One of the questions I get a lot on A Year Without Rent is "where do you find all these films?" Well…there's a lot of ways. Some of the filmmakers are people I have a pre-existing relationship with. Either I've known them for a couple of years or I've worked with before or I talk to them a lot on Twitter or whatever. But there's only so many of those projects to go around. The rest come in a variety of ways, but usually because someone heard about me via some channels, one thing leads to another, and I end up on a film set. That's kind of how I ended up back in Seattle. Sort of.
One of my biggest allies in Seattle is Wonder Russell (@bellawonder), the lead actress in THE SUMMER HOME and one of those people who apparently knows everyone in the Seattle film community. She'd been plugging the AYWR updates for THE SUMMER HOME, which caught the attention of Ben Rapson, the social media guy for a feature film coming to Seattle by the name of FAT KID RULES THE WORLD. Ben contacted me and after I explained to him exactly what it was I was doing, he ran it by the producers. And that's more or less how I ended up back in Seattle.
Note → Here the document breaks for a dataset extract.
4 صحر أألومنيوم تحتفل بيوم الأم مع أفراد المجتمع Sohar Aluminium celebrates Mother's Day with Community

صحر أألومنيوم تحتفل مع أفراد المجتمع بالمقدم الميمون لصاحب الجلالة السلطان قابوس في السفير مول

Between then and the time I'm supposed to show up, my communication with the production is pretty spotty, so I'm slightly worried. Just how much do the producers know? What's this film going to be like? It's one of those strange situations where the film is already in production, so my arrival is obviously low on their lists of priorities, but still these are the kinds of things that serve as red flags before I show up.
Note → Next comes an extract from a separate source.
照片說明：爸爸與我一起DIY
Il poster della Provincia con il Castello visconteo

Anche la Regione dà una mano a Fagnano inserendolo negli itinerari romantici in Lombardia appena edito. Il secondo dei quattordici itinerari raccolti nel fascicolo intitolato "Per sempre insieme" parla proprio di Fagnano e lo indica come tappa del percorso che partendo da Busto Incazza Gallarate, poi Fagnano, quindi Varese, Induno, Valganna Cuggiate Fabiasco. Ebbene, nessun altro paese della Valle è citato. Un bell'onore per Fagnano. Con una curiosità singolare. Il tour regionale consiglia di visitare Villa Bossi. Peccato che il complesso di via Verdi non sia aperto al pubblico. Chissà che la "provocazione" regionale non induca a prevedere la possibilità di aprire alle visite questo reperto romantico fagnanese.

I get to the building and can't really see anyone. There's an equipment truck parked on the street, but I can't really see anything going on. Then again, I'm pretty early. I spot a tent with food under it (craft services!) and they direct me around the corner to where the producers supposedly are. I turn the corner and there's an entire block of RVs and trailers. Holy shit, this film has a budget. I'm shown to the 1st AD Allison Eckert and Key Set PA Keri Owens. They know what I'm doing and proceed to take me into the building where they're filming and give me the tour of the production. I meet some of the producers, who all know who I am and what I'm doing (would you let me on your set without doing some research first?). It's a tiny set, just a 1-bedroom basement floor apartment that's being made to look bigger than it is.
One of the first things Allison and Keri ask is if there's a specific thing I want to do, but since my mission is to pretty much fill in the gaps as needed, I shrug and say that I'll help wherever they need me. So their plan is to rotate me around the different departments. For Day 1 I'm in the Art Department.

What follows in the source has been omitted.